Now this brings me to my next question: why does it work on gcc's version? Let's check out.
```
(lldb) disas -n gcd
gcd`gcd:
0x555555556289 <+0>:   pushq  %rbp
0x55555555628a <+1>:   movq   %rsp, %rbp
0x55555555628d <+4>:   subq   $0x20, %rsp
0x555555556291 <+8>:   movq   %rdi, -0x18(%rbp)
0x555555556295 <+12>:  movq   %rsi, -0x20(%rbp)
0x555555556299 <+16>:  movq   -0x20(%rbp), %rax
0x55555555629d <+20>:  movq   -0x18(%rbp), %rdx
0x5555555562a1 <+24>:  cmpq   %rax, %rdx
0x5555555562a4 <+27>:  jae    0x22b9                    ; <+48> at gcd-gcc.cpp:5:29
0x5555555562a6 <+29>:  leaq   -0x18(%rbp), %rdx
0x5555555562aa <+33>:  leaq   -0x20(%rbp), %rax
0x5555555562ae <+37>:  movq   %rdx, %rsi
0x5555555562b1 <+40>:  movq   %rax, %rdi
0x5555555562b4 <+43>:  callq  0x2911                    ; _ZSt4swapImENSt9enable_ifIXsrSt6__and_IJSt6__not_ISt15__is_tuple_likeIT_EESt21is_move_constructibleIS4_ESt18is_move_assignableIS4_EEE5valueEvE4typeERS4_SE_ at move.h:196:5
0x5555555562b9 <+48>:  movq   -0x18(%rbp), %rax
0x5555555562bd <+52>:  movq   -0x20(%rbp), %rcx
0x5555555562c1 <+56>:  movl   $0x0, %edx
0x5555555562c6 <+61>:  divq   %rcx
0x5555555562c9 <+64>:  movq   %rdx, -0x8(%rbp)
0x5555555562cd <+68>:  cmpq   $0x0, -0x8(%rbp)
0x5555555562d2 <+73>:  jne    0x22da                    ; <+81> at gcd-gcc.cpp:7:11
0x5555555562d4 <+75>:  movq   -0x20(%rbp), %rax
0x5555555562d8 <+79>:  jmp    0x22ed                    ; <+100> at gcd-gcc.cpp:8:1
0x5555555562da <+81>:  movq   -0x20(%rbp), %rax
0x5555555562de <+85>:  movq   -0x8(%rbp), %rdx
0x5555555562e2 <+89>:  movq   %rdx, %rsi
0x5555555562e5 <+92>:  movq   %rax, %rdi
0x5555555562e8 <+95>:  callq  0x2289                    ; <+0> at gcd-gcc.cpp:3:45
0x5555555562ed <+100>: leave  
0x5555555562ee <+101>: retq   
(lldb) 
```
The instructions look a little bit smaller and it looks like there is no stack canary?
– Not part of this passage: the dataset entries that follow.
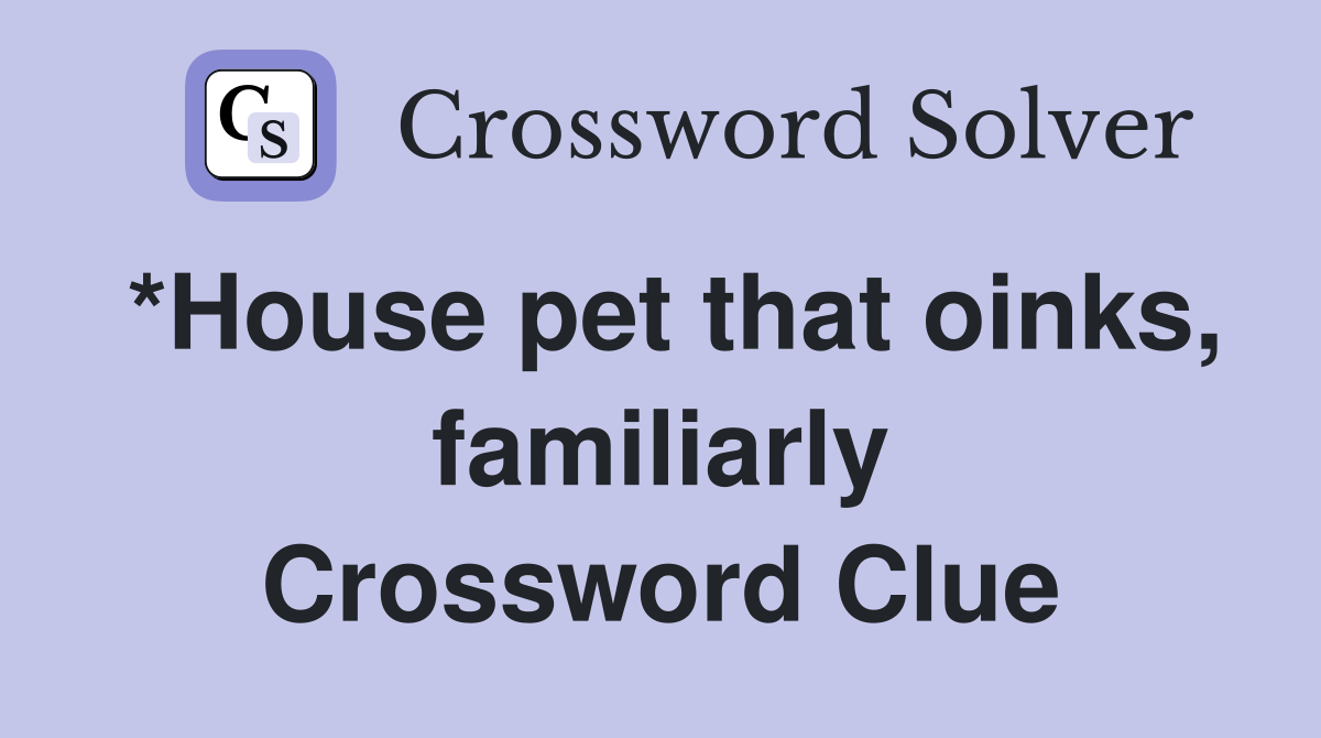 *House pet that oinks familiarly Crossword Clue Answers Crossword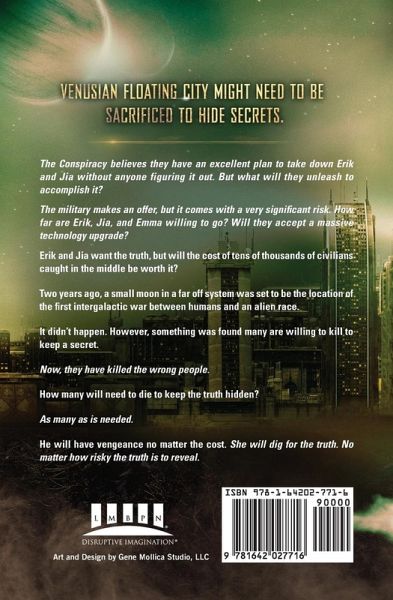A Venusian floating city might need to be sacrificed to hide secrets. The Conspiracy believes they have an excellent plan to take down Erik and Jia without anyone figuring it out. But what will they unleash to accomplish it? The military makes an offer, but it comes with a very significant risk. How far are Erik, Jia, and Emma willing to go? Will they accept a massive technology upgrade? Erik and Jia want the truth, but will the cost of tens of thousands of civilians caught in the middle be worth it? Two years ago, a small moon in a far-off system was set to be the location of the first intergalactic war between humans and an alien race. It didn't happen. However, something was found that many are willing to kill to keep a secret. Now they have killed the wrong people. How many will need to die to keep the truth hidden? As many as is needed. He will have vengeance, no matter the cost. She will dig for the truth, no matter how risky the truth is to reveal.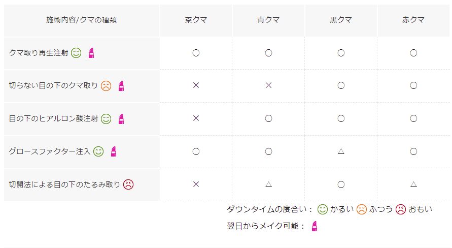 クマ取りと言えども一律の施術法ではありません。以下4種類に分類にされ症状も違います。同クリニックでは、それぞれの症状に合った施術法・ダウンタイム・メイクについてを提案することに重点を置いています。

I am not sure. A few more things are different. Apart from that everything else seems similar.

## Lessons learnt
In the end I couldn't figure out what broke. I'll probably ask someone smarter.

## Wrapping up
While I definitely was unable to tell what broke, I enjoyed every bit of it. I learned a lot about compiler's behaviour and what looks like seemingly harmless code may just be very unsafe waiting for a disaster to unfold.